[Entries shown Boundary: Start]

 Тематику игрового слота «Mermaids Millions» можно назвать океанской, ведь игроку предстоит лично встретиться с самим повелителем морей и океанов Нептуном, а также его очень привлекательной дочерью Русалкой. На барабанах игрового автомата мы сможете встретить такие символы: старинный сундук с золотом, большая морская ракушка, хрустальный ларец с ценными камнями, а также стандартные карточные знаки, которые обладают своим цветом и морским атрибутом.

[Entries shown Boundary: End]
[Entries shown Boundary: Start]

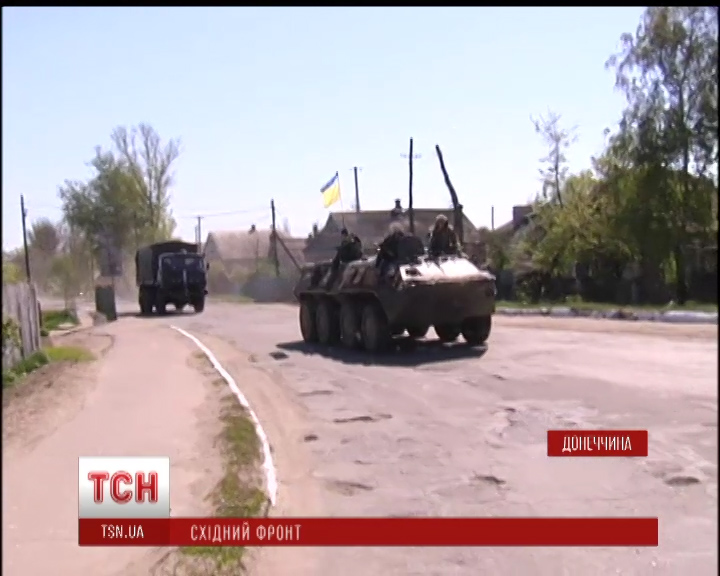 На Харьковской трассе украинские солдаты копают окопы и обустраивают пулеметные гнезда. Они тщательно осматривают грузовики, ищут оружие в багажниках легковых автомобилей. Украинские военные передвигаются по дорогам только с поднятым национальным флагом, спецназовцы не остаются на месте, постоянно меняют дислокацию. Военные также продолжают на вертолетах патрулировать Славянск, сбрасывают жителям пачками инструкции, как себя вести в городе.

[Entries shown Boundary: End]
[Entries shown Boundary: Start]

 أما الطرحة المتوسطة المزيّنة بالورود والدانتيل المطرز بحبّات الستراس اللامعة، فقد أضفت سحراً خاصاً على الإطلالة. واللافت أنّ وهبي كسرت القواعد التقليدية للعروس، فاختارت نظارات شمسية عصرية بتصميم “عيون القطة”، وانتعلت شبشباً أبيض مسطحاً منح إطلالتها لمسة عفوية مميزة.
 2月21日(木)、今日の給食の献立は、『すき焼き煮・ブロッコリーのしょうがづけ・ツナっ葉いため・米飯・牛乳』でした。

[Entries shown Boundary: End]

Work order: The lines above starting at the one that contains "أما الطرحة المتوسطة" and ending at the one that contains "2月21日(木)、今日の給食" must be transcribed exactly, and no other lines may appear.

Task solution:
 أما الطرحة المتوسطة المزيّنة بالورود والدانتيل المطرز بحبّات الستراس اللامعة، فقد أضفت سحراً خاصاً على الإطلالة. واللافت أنّ وهبي كسرت القواعد التقليدية للعروس، فاختارت نظارات شمسية عصرية بتصميم “عيون القطة”، وانتعلت شبشباً أبيض مسطحاً منح إطلالتها لمسة عفوية مميزة.
 2月21日(木)、今日の給食の献立は、『すき焼き煮・ブロッコリーのしょうがづけ・ツナっ葉いため・米飯・牛乳』でした。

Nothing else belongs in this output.